====== Dataset
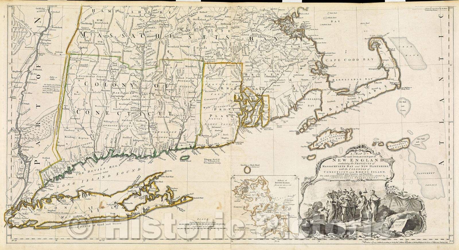 • .Historic Map : A Map of the most Inhabited part of New England, containing the Provinces of Massachusetts Bay and New Hampshire. with the Colonies of Conecticut, c. 1765 , Vintage Wall Art , v2
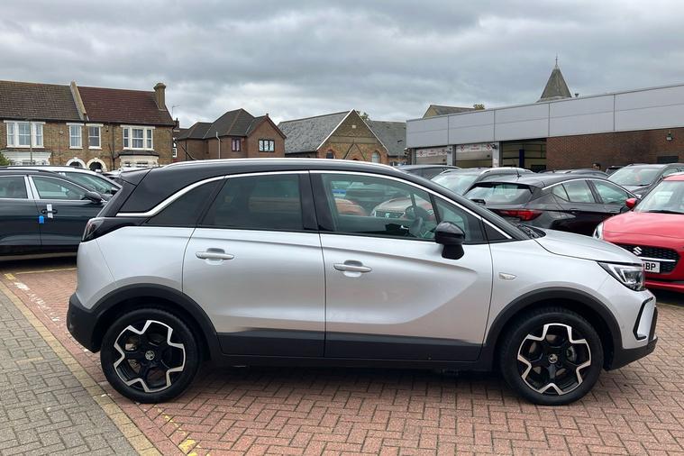 Introducing the Vauxhall Crossland Ultimate, finished in striking two-coat metallic Crystal Silver with a sleek black roof. Registered in 2024 and previously owned by one keeper, this practical SUV offers room for five and generous boot capacity—410 litres with the seats up and up to 1, 255 litres when folded. Its 1.2 turbo petrol engine delivers a smooth automatic drive, achieving up to 44.8 mpg combined. Experience confident performance with 128 hp, a top speed of 123 mph, and 0-62 mph acceleration in 9.9 seconds. The Crossland Ultimate stands out with features such as advanced park assist, a panoramic rear-view camera, navigation and infotainment with an 8 touchscreen, and ergonomic AGR-approved front seats. This model is ULEZ compliant, making it ideal for driving in low-emission zones. Combining style, safety, and modern convenience, the Crossland Ultimate is ready for your everyday journeys.
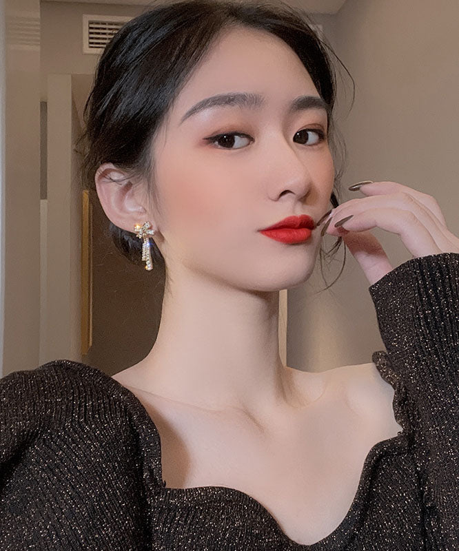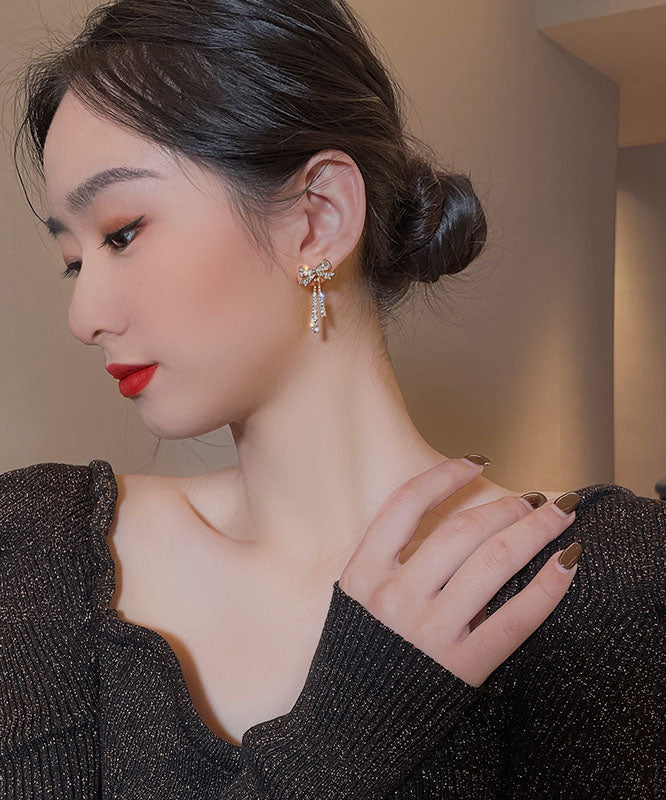 Elegantes pendientes colgantes con borlas y lazo de circonita de aleación de oro
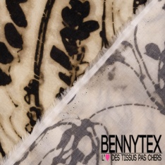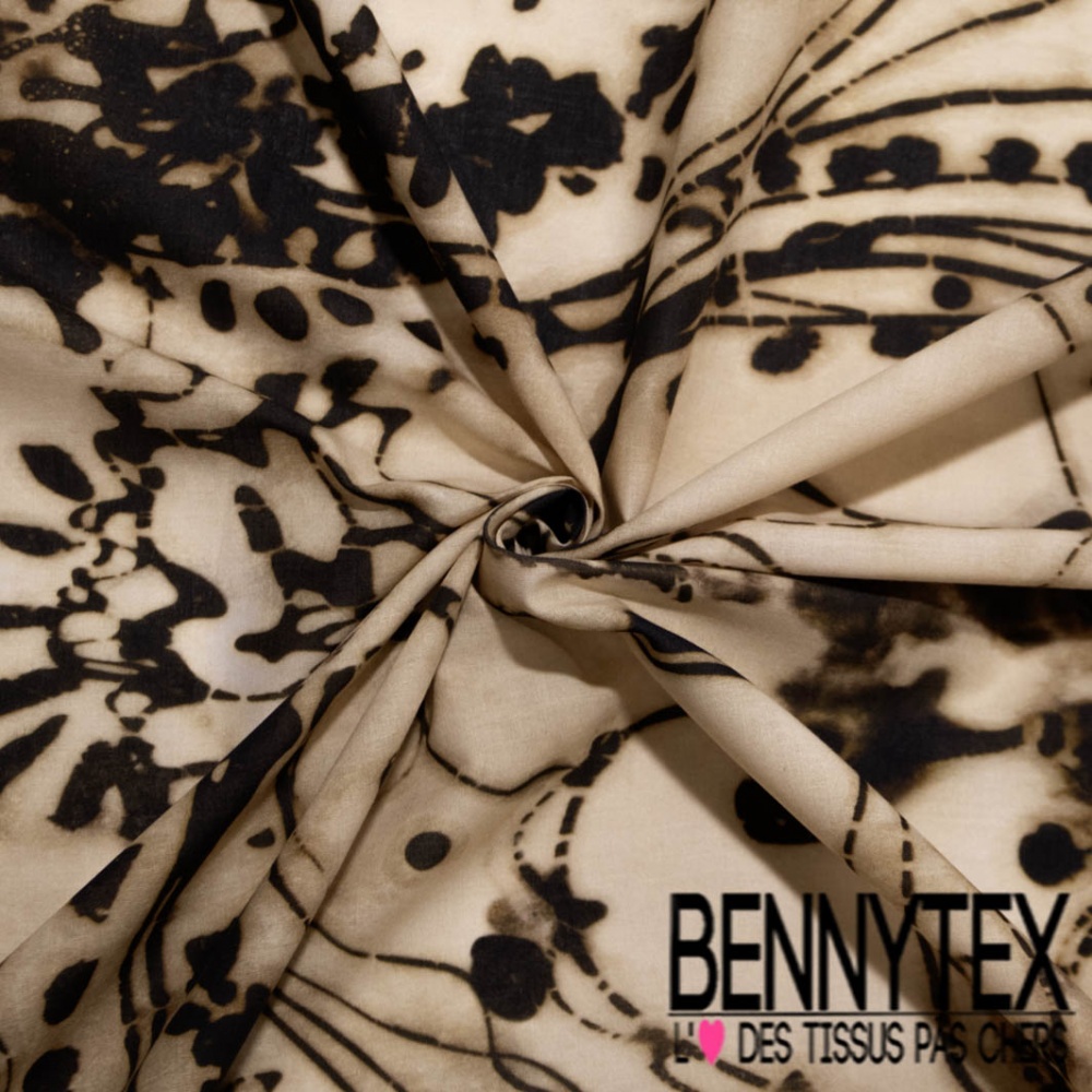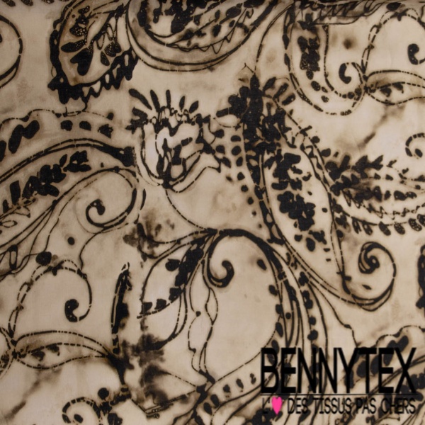 Voile de coton digital imprimé grand cachemire café fond beige café aquarelle
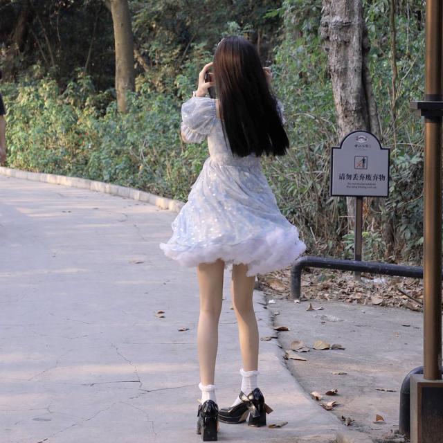 シースルー ワンピース ミニ丈 半袖 パフスリーブ フレア ワンピドレス 春 夏 スクエアネック シャーリング 胸元デザイン リボン Aライン チュール 透け感 フリル ふんわり かわいい きれいめ シンプル 個性的 キュート ラブリー ガーリー ロリータ 甘め お出かけ デート
============
Repeat the data above word for word, without pictures.

_Result for this exercise_
 • .Historic Map : A Map of the most Inhabited part of New England, containing the Provinces of Massachusetts Bay and New Hampshire. with the Colonies of Conecticut, c. 1765 , Vintage Wall Art , v2
 Introducing the Vauxhall Crossland Ultimate, finished in striking two-coat metallic Crystal Silver with a sleek black roof. Registered in 2024 and previously owned by one keeper, this practical SUV offers room for five and generous boot capacity—410 litres with the seats up and up to 1, 255 litres when folded. Its 1.2 turbo petrol engine delivers a smooth automatic drive, achieving up to 44.8 mpg combined. Experience confident performance with 128 hp, a top speed of 123 mph, and 0-62 mph acceleration in 9.9 seconds. The Crossland Ultimate stands out with features such as advanced park assist, a panoramic rear-view camera, navigation and infotainment with an 8 touchscreen, and ergonomic AGR-approved front seats. This model is ULEZ compliant, making it ideal for driving in low-emission zones. Combining style, safety, and modern convenience, the Crossland Ultimate is ready for your everyday journeys.
 Elegantes pendientes colgantes con borlas y lazo de circonita de aleación de oro
 Voile de coton digital imprimé grand cachemire café fond beige café aquarelle
 シースルー ワンピース ミニ丈 半袖 パフスリーブ フレア ワンピドレス 春 夏 スクエアネック シャーリング 胸元デザイン リボン Aライン チュール 透け感 フリル ふんわり かわいい きれいめ シンプル 個性的 キュート ラブリー ガーリー ロリータ 甘め お出かけ デート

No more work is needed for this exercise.